We evaluated the effects of Slug siRNA transfection on apoptosis induction in EC109 cells using an ELISA kit to quantitatively measure fragmented DNA. After the same treatment schedule described above, a significantly higher level of DNA fragmentation was detected after Slug siRNA transfection compared to those of control cells (Figure 3A, P < 0.05). We further evaluated the effects of Slug siRNA transfection on apoptosis induction using an TUNEL kit. After the same treatment schedule described above, a significantly higher level of cell apoptosis index was detected after Slug siRNA transfection compared to those of control cells (Figure 3.B, P < 0.05). Western blot shown a significantly higher level of Slug protein in Slug-transfected EC109 cells for 72 h compared with controls (Figure 3 C, *P < 0.05, *P < 0.01).

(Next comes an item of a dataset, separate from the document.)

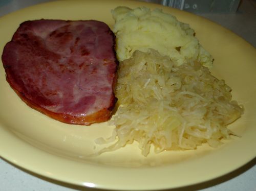 Zum Abendessen gibts traditionell Sauerkraut, Rippchen und Brei

It has been demonstrated that Slug is involved in the control of apoptosis [14] and also involved in the EMT, linked to the acquisition of the invasive phenotype [19], we analyzed the expression of several Slug targets in stable siRNA Slug-transfected EC109 cells and Slug cDNA-transfected TE13 cells by western blotting and Q-PCR. In siRNA Slug-transfected EC109 cells, anti-apoptotic Bcl-2 was down-regulated (Figure 4 A, P < 0.05). By contrast, in Slug cDNA-transfected TE13 cells, Bcl-2 was up-regulated (Figure 4A, P < 0.05). E-cadherin, a well-known target of Slug previoussly discribed [20], was up-regulated in siRNA Slug-transfected cells(P < 0.05), but in Slug cDNA-transfected cells, E-cadherin was down-regulated (Figure 4 B, P < 0.05).

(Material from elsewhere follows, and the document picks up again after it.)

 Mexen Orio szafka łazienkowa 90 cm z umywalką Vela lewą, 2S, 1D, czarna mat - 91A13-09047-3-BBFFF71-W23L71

We first tested the effect of siRNA Slug-transfected cells in EC109 pseudometastatic models. The mice were injected with stable siRNA Slug-transfected (18 animals) or siRNA mock-transfected (18 animals) EC109 cells(5×10⁶ )at the site of the abdominal cavity on day 0. After 21 days, the animals were sacrificed and autopsy was carried out to remove organs. Liver metastasis occurred in only four mice in parental groups, and three in mock-transfected mice, no liver metastasis occurred in siRNA Slug-transfected groups. There were many off-white nodus in peritoneum, retina, mesentery, intestinal and gastric wall(Figure 5 A-I, magnification ×200). The node that less than 2 mm is round, and irregular when the node is more than 3 mm. Autopsy showed a reduction of seeded tumor nodes in abdominal cavity organs in pEGFP-siRNA Slug-transfected groups. The number of seeded tumor was 91.16 + 8.7, 90.4 + 9.04 and 33.17 + 6.49 in control groups, siRNA mock groups and Slug siRNA groups respectively. Differences of seeded tumor reached statistical significance (Figure 5 J, P = 0.037).

Furthermore, we analyzed the expression of Slug in the tumor sections from control, mock and Slug siRNA transfected groups using immunohistochemistry (Figure 6 a and 6b). Positive staining of Slug was seen in the cytoplasm of tumor cells. We observed significant Slug expression in control and mock-transfected tumor sections. However, expression levels were drastically reduced in siRNA Slug-transfected sections of mice. TUNEL staining in the same samples was increased from 1.6% positive area in the mock siRNA transfected group to 14.2% positive areas in the siRNA Slug transfected groups(Figure 6 c and 6d).